What is required:
All of the data should be copied exactly, with the pictures left out.

Dataset section:
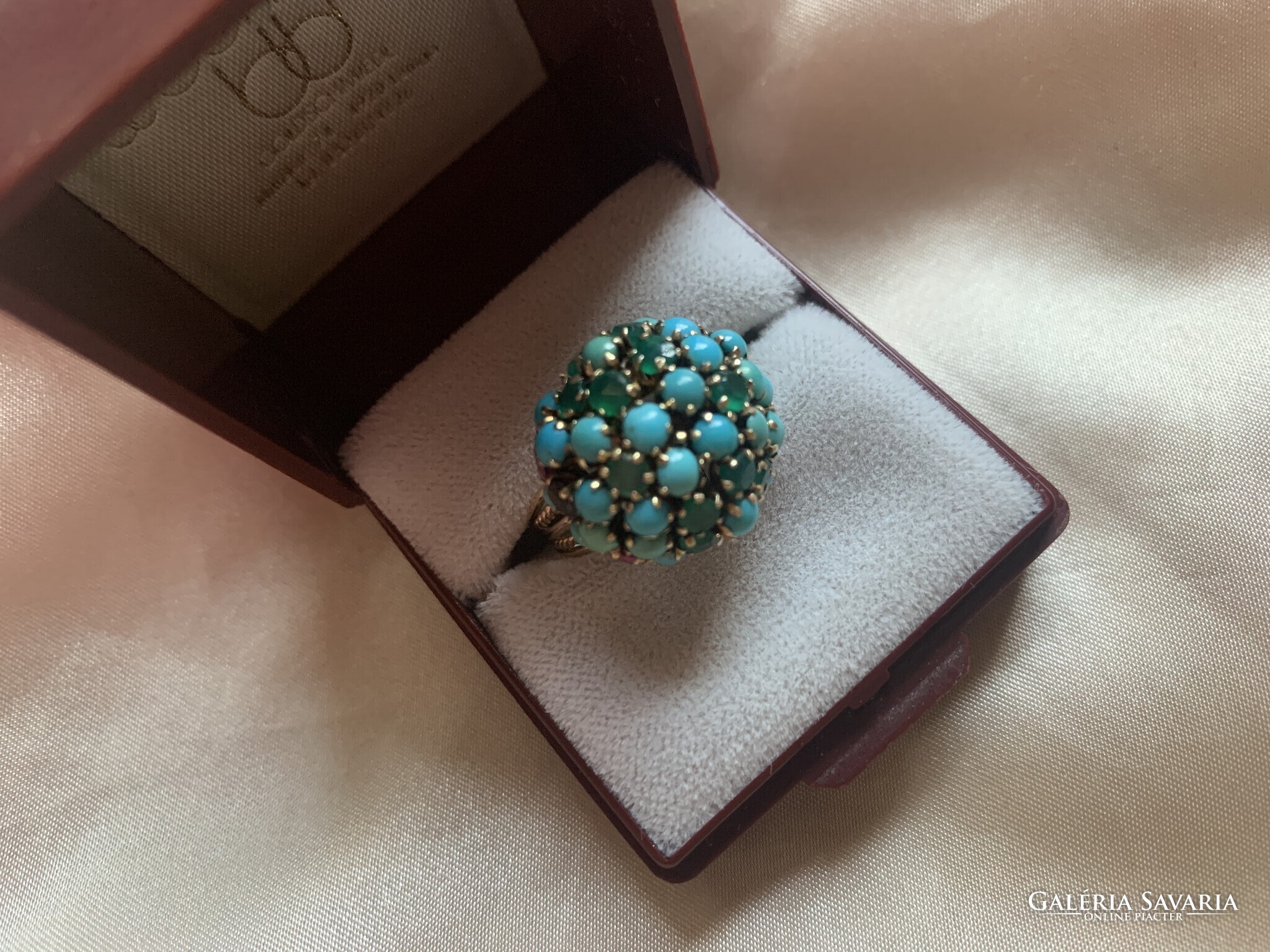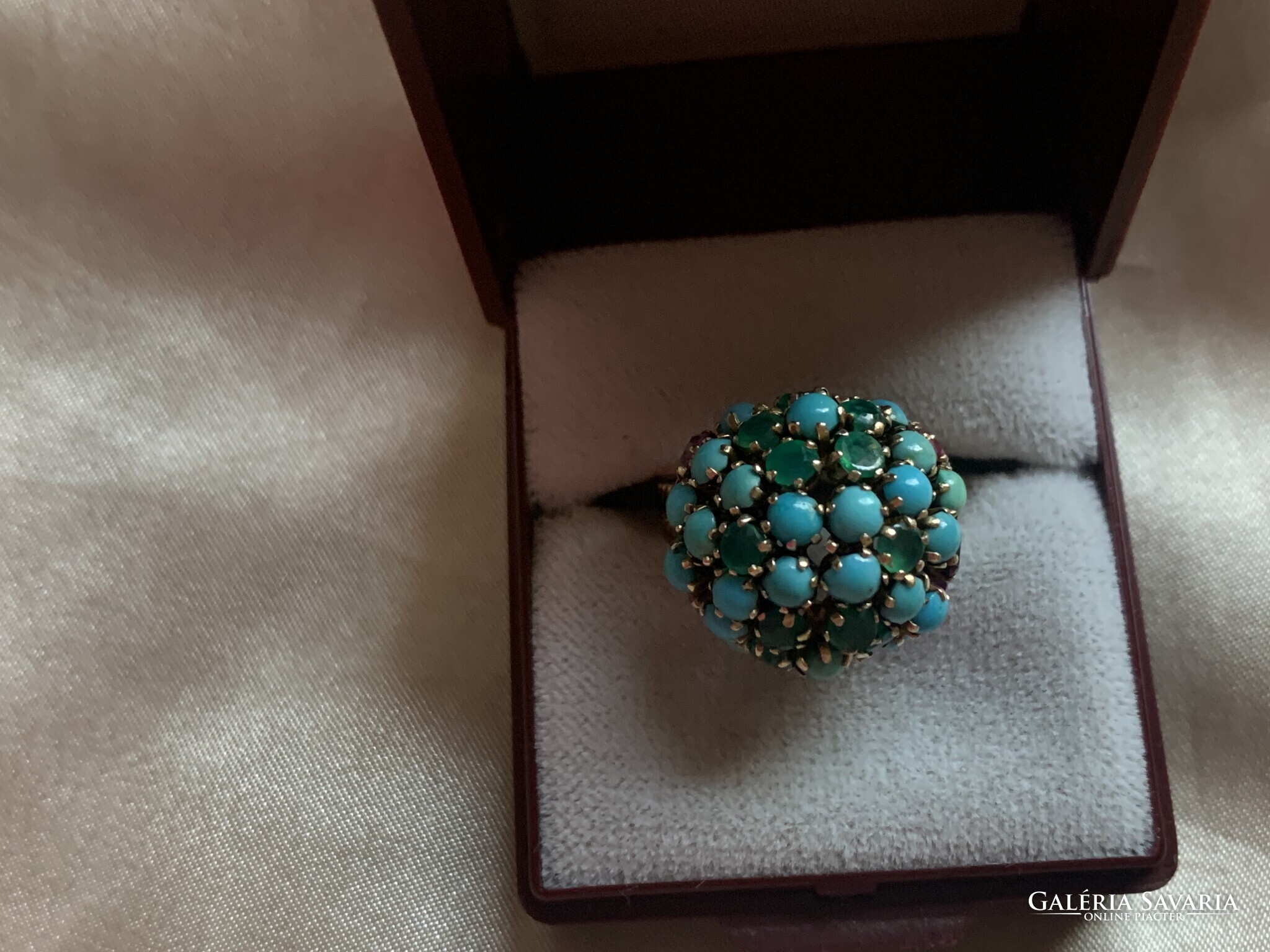 A gyűrű eredetileg rubin és smaragd virágot formáz a türkiz kövek között
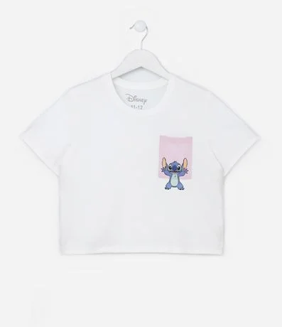 Ref: Camiseta infantil curta confeccionada em algodão, com gola redonda, manga curta e bolsinho com estampa do Stitch.
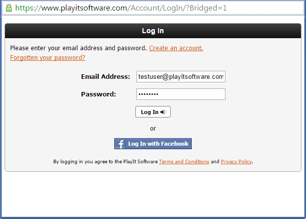 You will be prompted to enter your PlayIt Software account username and password. If you do not have an account, click Create an account and a new window will open for you to create an account. Return to the log in window once you have created an account.
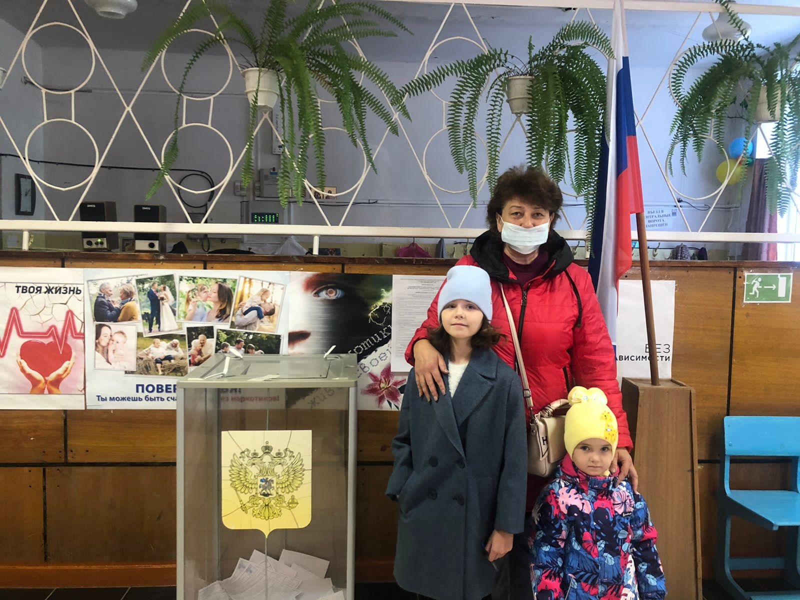 Так, например, Ольга Алексеевна Полякова пришла на участок № 442 (Первомайская школа) с внучками Ксюшей и Лерочкой.

Your response:
 A gyűrű eredetileg rubin és smaragd virágot formáz a türkiz kövek között
 Ref: Camiseta infantil curta confeccionada em algodão, com gola redonda, manga curta e bolsinho com estampa do Stitch.
 You will be prompted to enter your PlayIt Software account username and password. If you do not have an account, click Create an account and a new window will open for you to create an account. Return to the log in window once you have created an account.
 Так, например, Ольга Алексеевна Полякова пришла на участок № 442 (Первомайская школа) с внучками Ксюшей и Лерочкой.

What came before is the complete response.